= Sunset Song (TV series) =

1971 British television series

Sunset Song is a 1971 BBC Scotland adaptation of Lewis Grassic Gibbon's novel of the same name for television.

It consists of six episodes of around 45 minutes each. The series was the first colour drama made by BBC Scotland, and also contained the first nude scene. The series made the important change from the novel of turning Chris Guthrie, the main character, into the narrator. It was shown in the USA on Masterpiece Theatre in 1975–76. The composer Thomas Wilson was commissioned to write the theme music, which the BBC retained for the remaining two parts of the trilogy A Scots Quair, commissioning Wilson again to compose the incidental music for the remaining productions of Cloud Howe and Grey Granite.

Chris Guthrie was played by Vivien Heilbron.
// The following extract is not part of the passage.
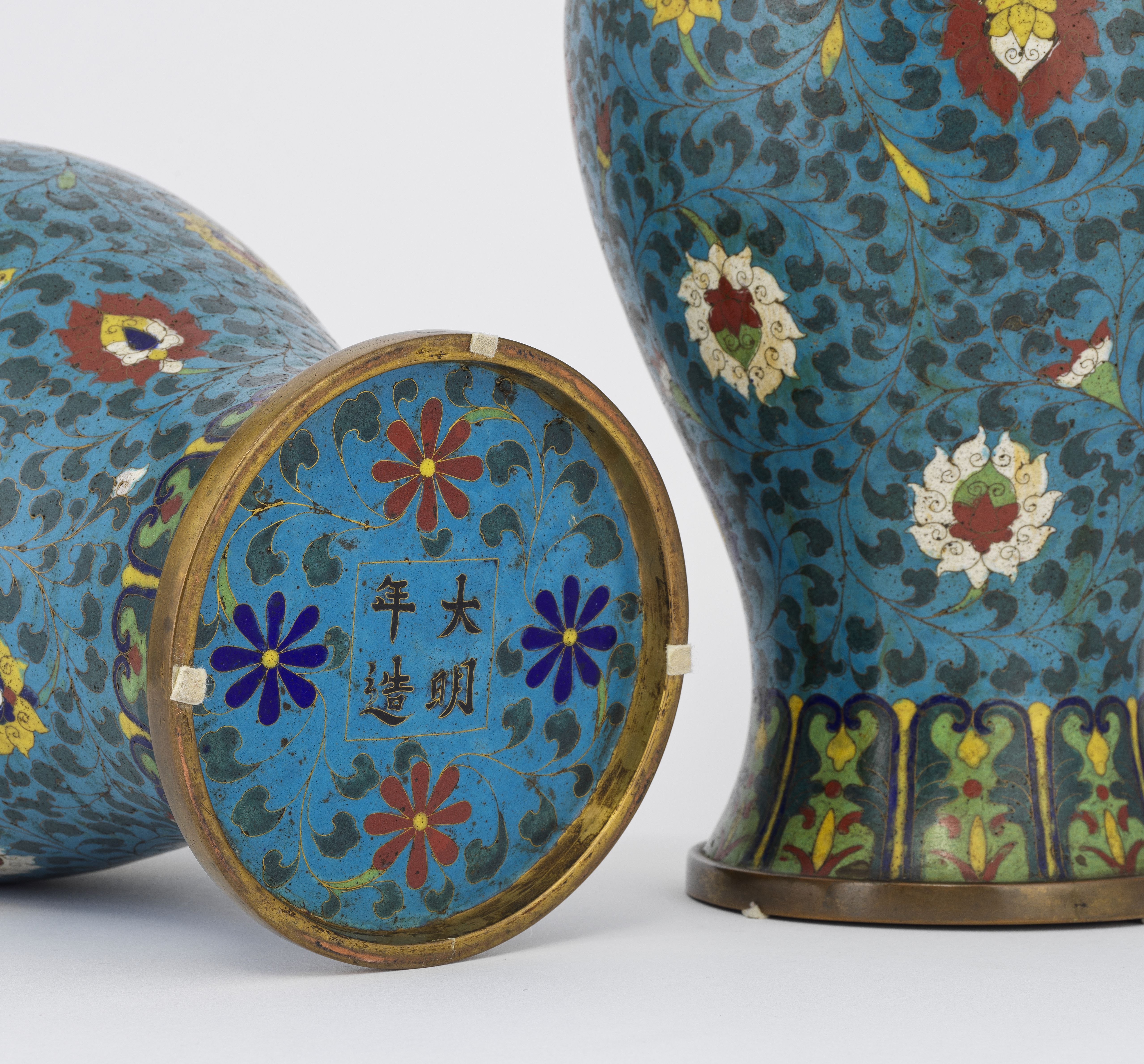 5283. Paire de vases cloisonnés balustre, Chine, XIXe s
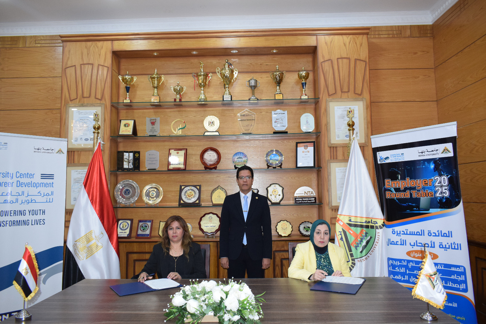 شهد الدكتور ناصر الجيزاوي رئيس جامعة بنها، حوار المائدة المستديرة الثانية لأصحاب الأعمال لمناقشة “المستقبل المهني لخريجي الجامعات في عصر الذكاء الاصطناعي والتحول الرقمي”، والتي نظمها مركز التطوير المهني بالجامعة.

The cast included several other leading Scottish actors of the time, including Andrew Keir, Edith MacArthur, Anne Kristen, Roddy McMillan, Alex McAvoy and John Grieve. The script was by Bill Craig, and it was directed by Moira Armstrong.

The serial was repeated on BBC Four in September 2022 and January 2025. As of November 2025 it is available for 11 months on BBC iPlayer, along with a short introduction filmed in 2022 where Heilbron and Armstrong discuss the serial.